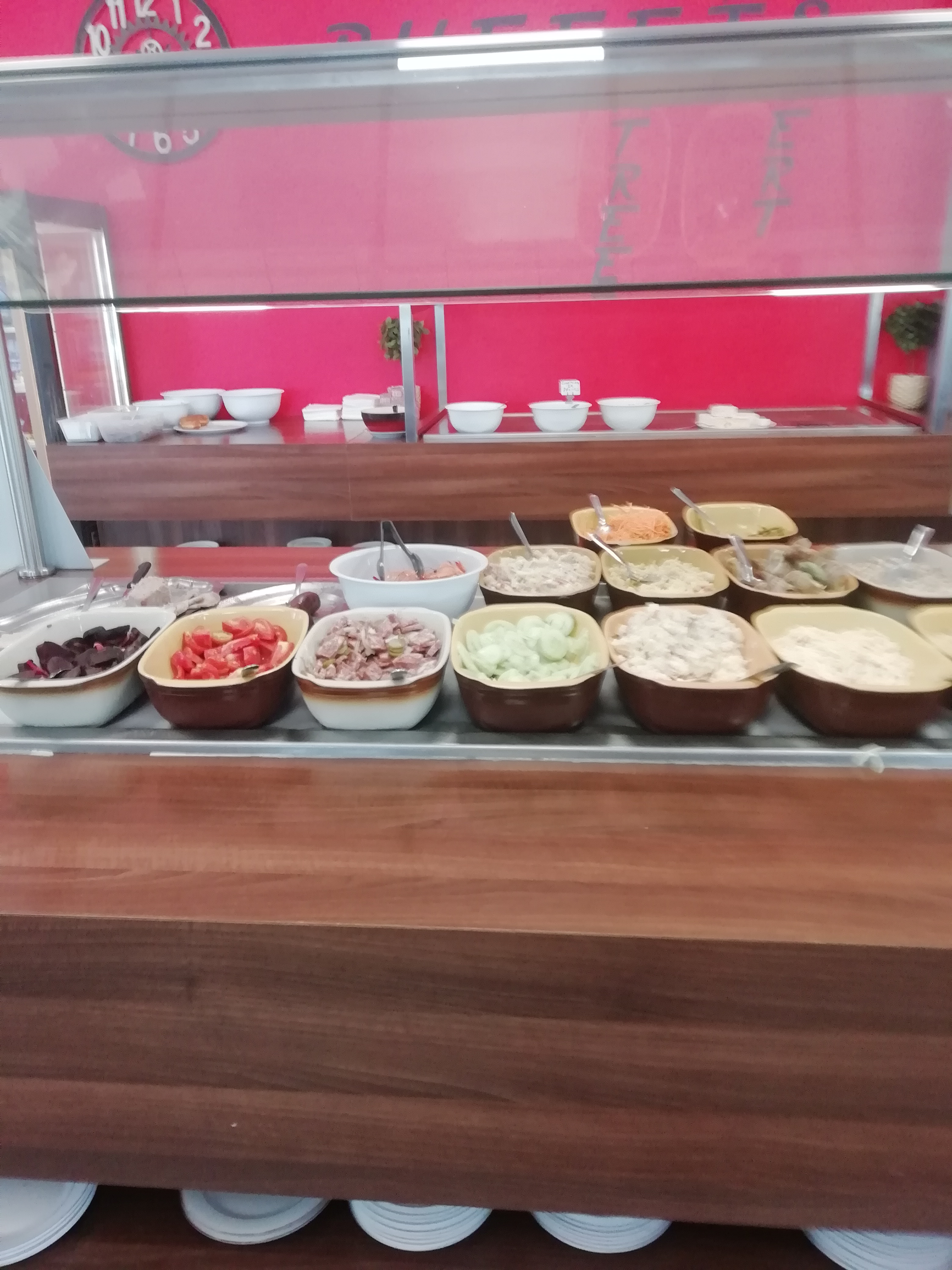 On est arrivé mon fils et moi vers 13h, presque plus de choix dans les plats cuisinés, il ne restait qu'1 fifteak dans un plat, quelques morceaux de saumon et saucisses... Et plus de frites.. Quand au dessert, plus de fruit, que du fromage blanc sur ce grand présentoir, c'est assez décevant...
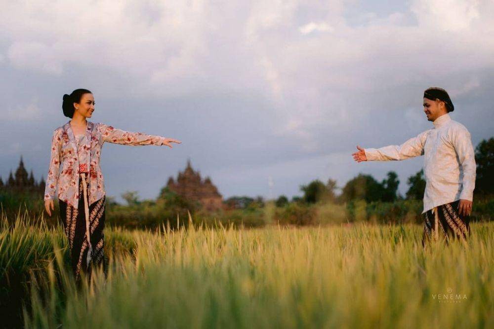 8. Konsep baju adat Jawa minim properti, semakin syahdu diambil di area persawahan berlatar belakang candi
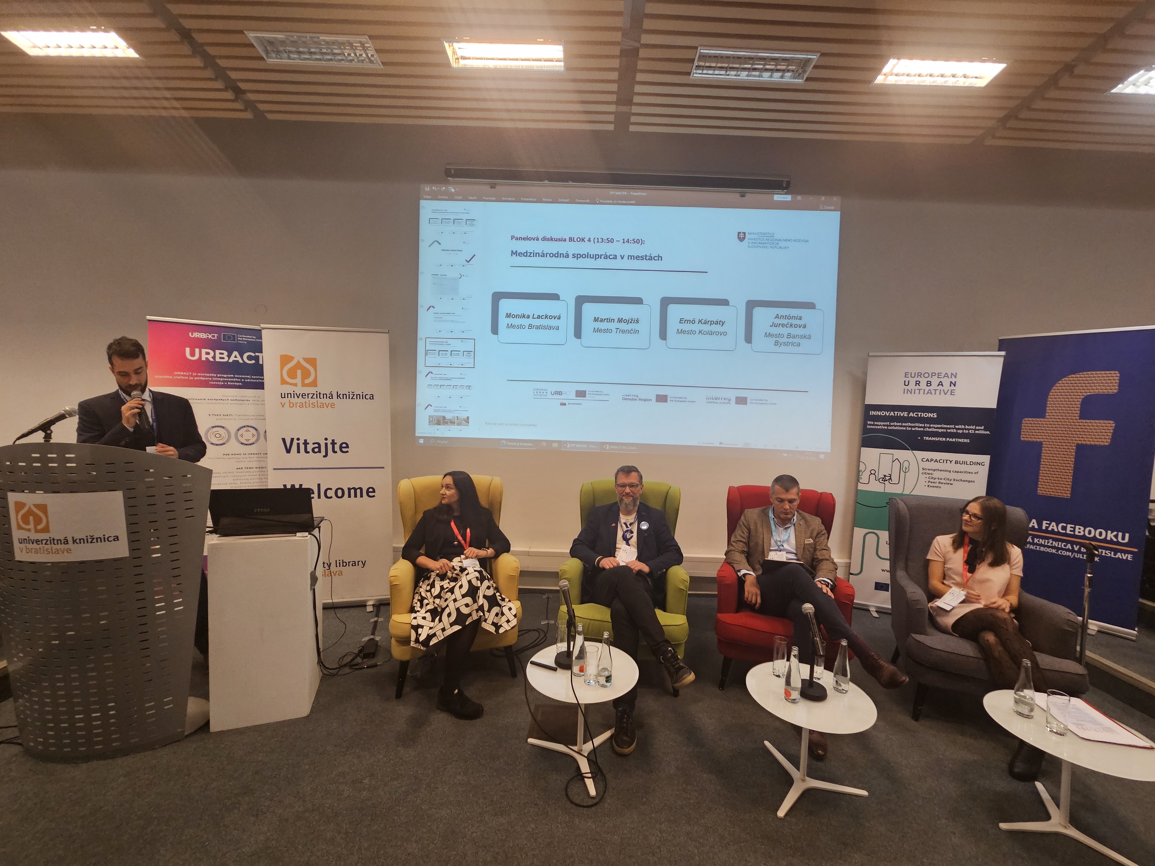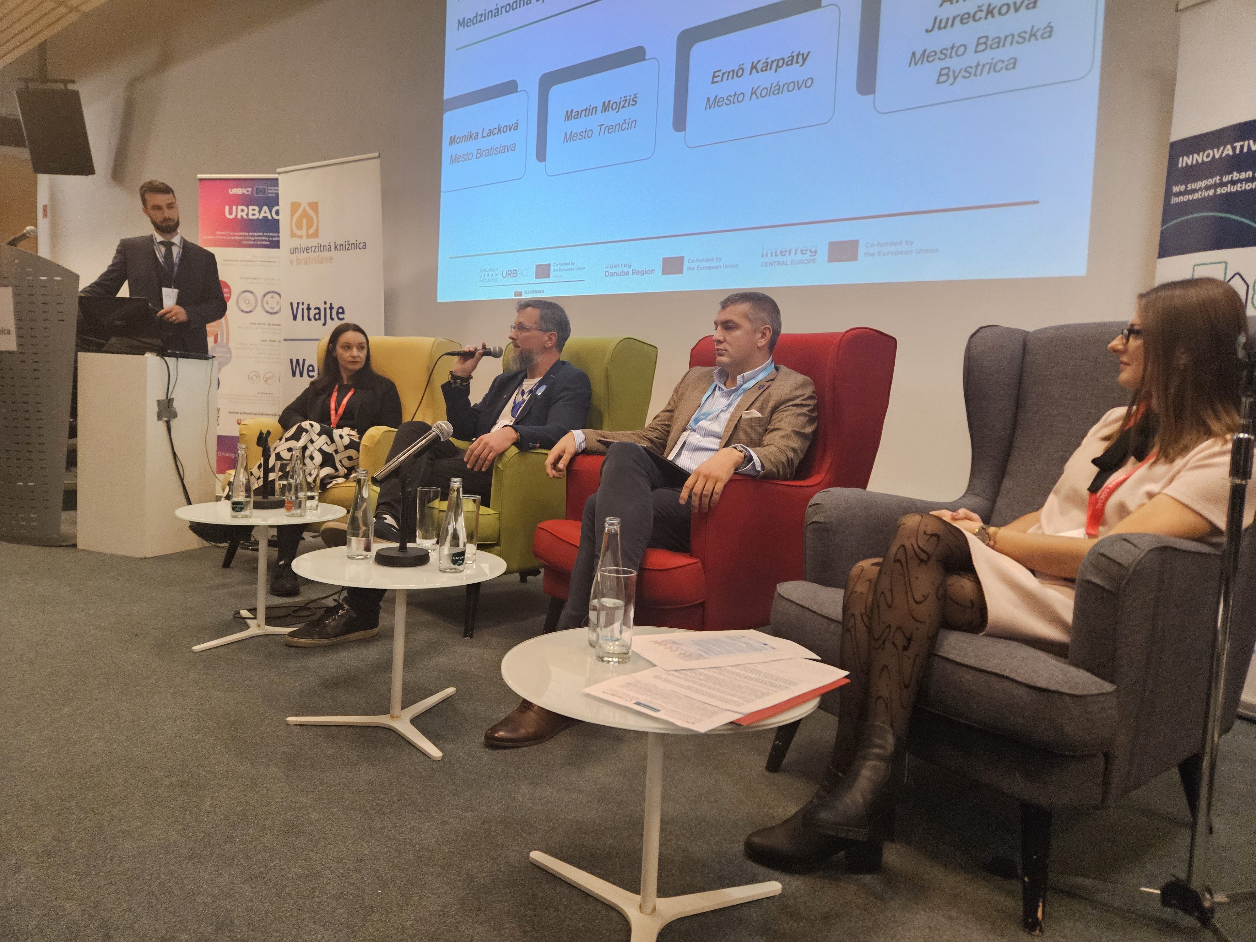 V panelová diskusii: Medzinárodná spolupráca v mestách: Mesto Bratislava (Monika Lacková), Mesto Trenčín (Martin Mojžiš), Mesto Kolárovo (Ernő Kárpáty) a Mesto Banská Bystrica (Antónia Jurečková)

————

* [EXERCISE] Retype all the data exactly; skip the pictures.

* [EXPECTED ANSWER]
 On est arrivé mon fils et moi vers 13h, presque plus de choix dans les plats cuisinés, il ne restait qu'1 fifteak dans un plat, quelques morceaux de saumon et saucisses... Et plus de frites.. Quand au dessert, plus de fruit, que du fromage blanc sur ce grand présentoir, c'est assez décevant...
 8. Konsep baju adat Jawa minim properti, semakin syahdu diambil di area persawahan berlatar belakang candi
 V panelová diskusii: Medzinárodná spolupráca v mestách: Mesto Bratislava (Monika Lacková), Mesto Trenčín (Martin Mojžiš), Mesto Kolárovo (Ernő Kárpáty) a Mesto Banská Bystrica (Antónia Jurečková)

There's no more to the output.